_WORK TO COMPLETE_. Would you please copy the entries exactly, leaving every picture aside?

_RECORD EXTRACTS_.
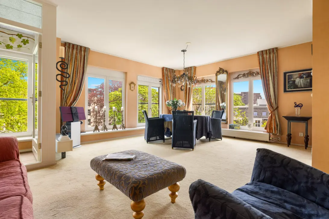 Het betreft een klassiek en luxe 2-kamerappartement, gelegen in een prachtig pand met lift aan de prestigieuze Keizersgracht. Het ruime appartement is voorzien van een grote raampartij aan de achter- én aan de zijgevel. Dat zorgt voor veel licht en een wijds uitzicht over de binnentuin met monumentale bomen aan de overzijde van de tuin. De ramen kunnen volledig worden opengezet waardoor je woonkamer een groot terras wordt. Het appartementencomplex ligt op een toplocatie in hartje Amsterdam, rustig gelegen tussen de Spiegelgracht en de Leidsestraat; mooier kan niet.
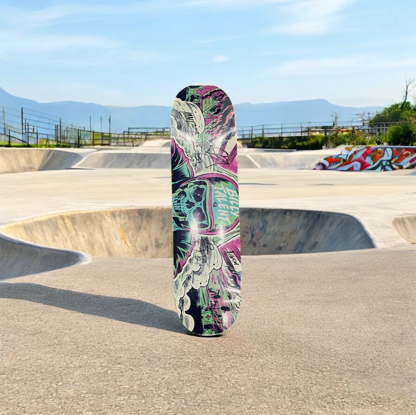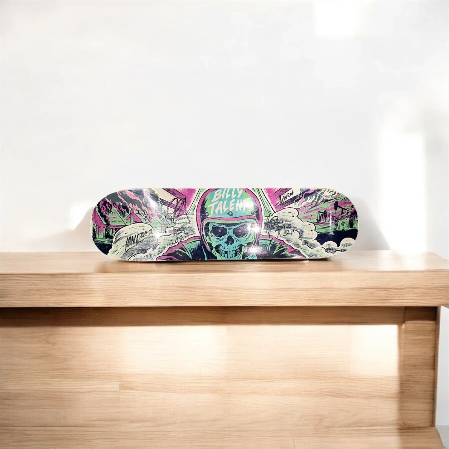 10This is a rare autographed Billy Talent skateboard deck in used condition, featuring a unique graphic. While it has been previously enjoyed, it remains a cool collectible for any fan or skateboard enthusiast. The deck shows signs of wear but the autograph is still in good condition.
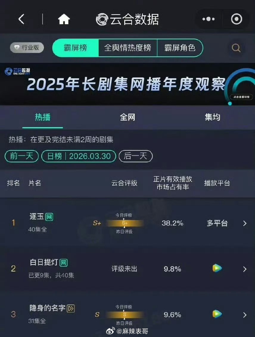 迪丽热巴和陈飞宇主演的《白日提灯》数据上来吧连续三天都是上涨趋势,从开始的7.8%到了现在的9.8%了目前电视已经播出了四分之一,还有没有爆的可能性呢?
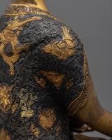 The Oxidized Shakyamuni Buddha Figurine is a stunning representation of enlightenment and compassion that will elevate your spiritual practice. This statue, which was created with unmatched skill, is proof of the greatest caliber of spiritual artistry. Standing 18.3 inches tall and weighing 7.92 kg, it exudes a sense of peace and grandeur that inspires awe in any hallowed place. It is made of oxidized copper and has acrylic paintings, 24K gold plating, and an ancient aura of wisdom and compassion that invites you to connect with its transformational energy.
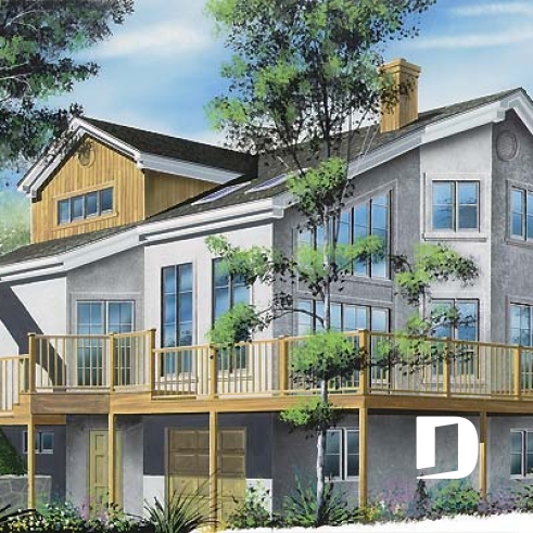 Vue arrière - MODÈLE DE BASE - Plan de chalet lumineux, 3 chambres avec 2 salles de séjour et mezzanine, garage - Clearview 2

_ANSWER AREA_.
 Het betreft een klassiek en luxe 2-kamerappartement, gelegen in een prachtig pand met lift aan de prestigieuze Keizersgracht. Het ruime appartement is voorzien van een grote raampartij aan de achter- én aan de zijgevel. Dat zorgt voor veel licht en een wijds uitzicht over de binnentuin met monumentale bomen aan de overzijde van de tuin. De ramen kunnen volledig worden opengezet waardoor je woonkamer een groot terras wordt. Het appartementencomplex ligt op een toplocatie in hartje Amsterdam, rustig gelegen tussen de Spiegelgracht en de Leidsestraat; mooier kan niet.
 10This is a rare autographed Billy Talent skateboard deck in used condition, featuring a unique graphic. While it has been previously enjoyed, it remains a cool collectible for any fan or skateboard enthusiast. The deck shows signs of wear but the autograph is still in good condition.
 迪丽热巴和陈飞宇主演的《白日提灯》数据上来吧连续三天都是上涨趋势,从开始的7.8%到了现在的9.8%了目前电视已经播出了四分之一,还有没有爆的可能性呢?
 The Oxidized Shakyamuni Buddha Figurine is a stunning representation of enlightenment and compassion that will elevate your spiritual practice. This statue, which was created with unmatched skill, is proof of the greatest caliber of spiritual artistry. Standing 18.3 inches tall and weighing 7.92 kg, it exudes a sense of peace and grandeur that inspires awe in any hallowed place. It is made of oxidized copper and has acrylic paintings, 24K gold plating, and an ancient aura of wisdom and compassion that invites you to connect with its transformational energy.
 Vue arrière - MODÈLE DE BASE - Plan de chalet lumineux, 3 chambres avec 2 salles de séjour et mezzanine, garage - Clearview 2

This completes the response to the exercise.